Java digit separators.

feature small-feature state-backlog

Source

lrhn

👍43

Most helpful comment

_ seems to be least confusing and non-intrusive syntax.

tejainece on 29 Jun 2018

👍8

All 12 comments

+1!

eernstg on 29 Jun 2018

👍5

_ seems to be least confusing and non-intrusive syntax.

tejainece on 29 Jun 2018

👍8

My feeling has always been that if you need separators in your number literal, you have likely already done something wrong. Instead of separators, create a const expression that shows where that large number is coming from.

Instead of:

const largeThing = 100000000000000000000;
const bigHex = 0x4000000000000000;

Consider, say:

const msPerSecond = 1000;
const nsPerMs = 1000000;
const largeThing = 100000000 * nsPerMs * msPerSecond;

const bigHex = 1 << 62;

This has the advantage of being easier to read and showing why these constants have these values. You do sometimes run into big arbitrary literals coming from empirical measurements or other things, but those tend to be fairly rare.

Given that number separators add confusion around how things like int.parse() behave, and there are "workarounds" that actually lead to clearer code, I've never felt they carried their weight.

munificent on 24 Jul 2018

👎13 👍2

@munificent How many digits are there in 100000000000000000000 and 0x4000000000000000? You gotta get a cursor and count. Instead if you put an _ before every 4 digits, you any say x parts * 4 (for hex. 3 for currency, etc).

It is not always possible to decompose a number into its composite parts.

tejainece on 24 Jul 2018

👍4

FWIW, I'd like to suggest using quotes, like we already have for string literals: 100__000_000__000_000__000_000 might instead be expresssed as `100 000,000 000,000 000,000`. If you'd rather reserve the ` character for some future use, one could consider n'100 000,000 000,000 000,000', modeled after raw strings. Either way, there are more choices for the separator characters inside quotes.

If this repo is not the right place for unsolicited opinions from non-Dart team members, sorry to bother you.

pschiffmann on 2 Aug 2018

👍1

It is not always possible to decompose a number into its composite parts.

I think one of these is usually true:

The number can be decomposed into smaller meaningful parts.
The number is some arbitrary empirical constant in which case a human will rarely need to scrutinize the individual digits.

So, in either case, I don't think it's a high priority to be able to easily read very large number literals.

munificent on 3 Aug 2018

👎3 👍2

I agree with munificent. But I think Dart needs the exponentiation operator ** for some cases:

const largeThing = 10**14;

Dart should then allow exponentiation of constant numbers to be a constant value with is not possible with pow(10,14) at the moment.

kasperpeulen on 15 Aug 2018

👍2 👎1

While an exponentation operator can solve some issues, it won't make me get 0x7FFFFFFFFFFFFFFF right. That is a valid 64-bit integer literal (at least if I counted the F's correctly).
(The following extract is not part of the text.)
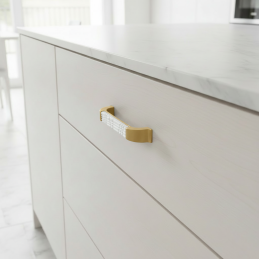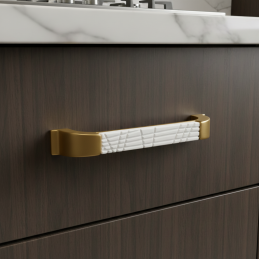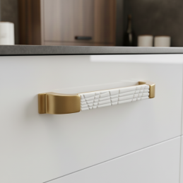 A BRAGA kerámia fogantyú óarany felületkezeléssel eleganciát, hagyományt és finom luxust kölcsönöz a belső térnek. A meleg óarany tónusú cinkötvözet fémtest és a dombormintás fehér porcelán kombinációja feltűnő dekoratív elemet alkot, amely azonnal magára vonja a figyelmet.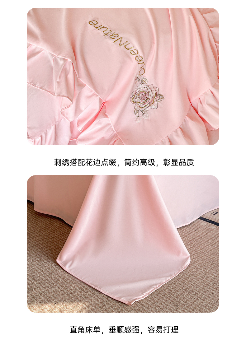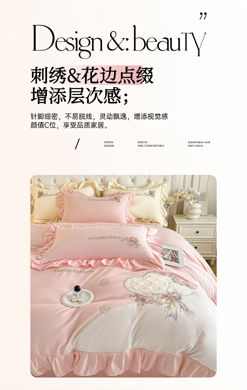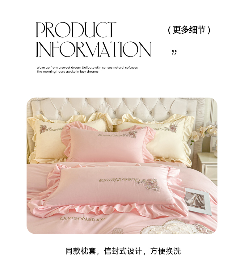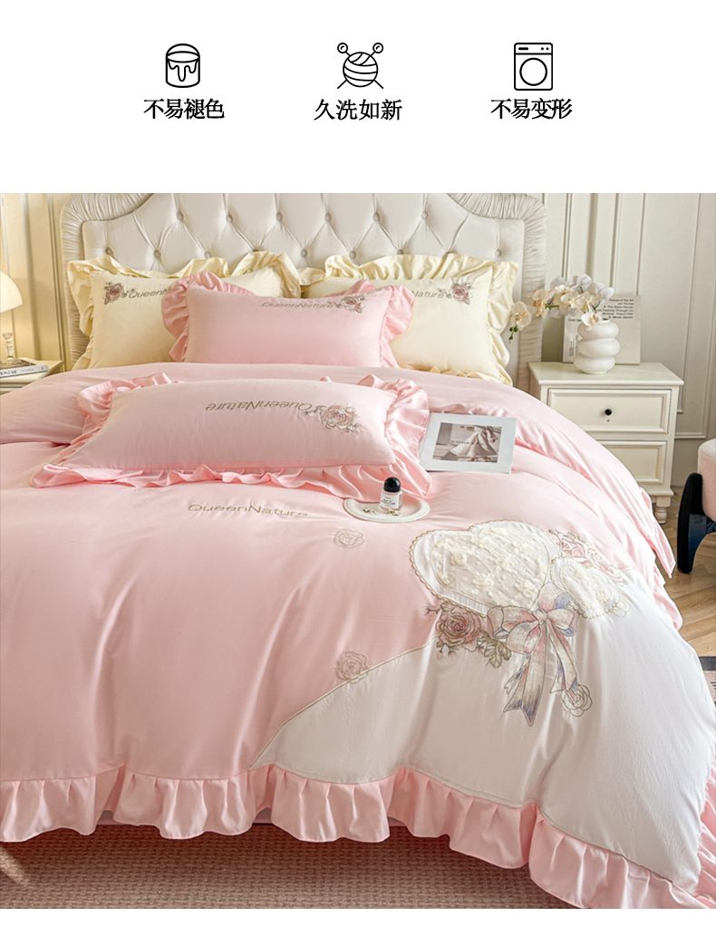 商品名称:七七家纺 2025新款水洗棉刺绣四件套梦见系列 梦见粉

(There is also the option of exponential notation for integers: 1p22 or 0x1p62 as short for 1 * 10**22 and 0x1 * 16 ** 62, like we have for doubles using e).

lrhn on 27 May 2019

Maybe it's not high priority, but would definitely be a useful thing. See an example:

log.d("Built in ${stopwatch.elapsedMicroseconds / 1000000} s");

and compare with the snippet below:

log.d("Built in ${stopwatch.elapsedMicroseconds / 1_000_000} s");

Just a simple and readable one-liner. No need for adding multiplication or extra variables for readibility, like:

log.d("Built in ${stopwatch.elapsedMicroseconds / (1000 * 1000)} s");

var multiplier = 1000 * 1000; log.d("Built in ${stopwatch.elapsedMicroseconds / multiplier} s");

AdamskiMarcin on 7 Oct 2019

Any updates on this?

Levi-Lesches on 1 Jun 2020

I'd love to see this. Particularly with colours in Flutter, where I usually have something like const Color(0xff3F4E90). I would much prefer const Color(0xff_3F4E90), because the 0xff makes it more difficult to read the actual color at a glance.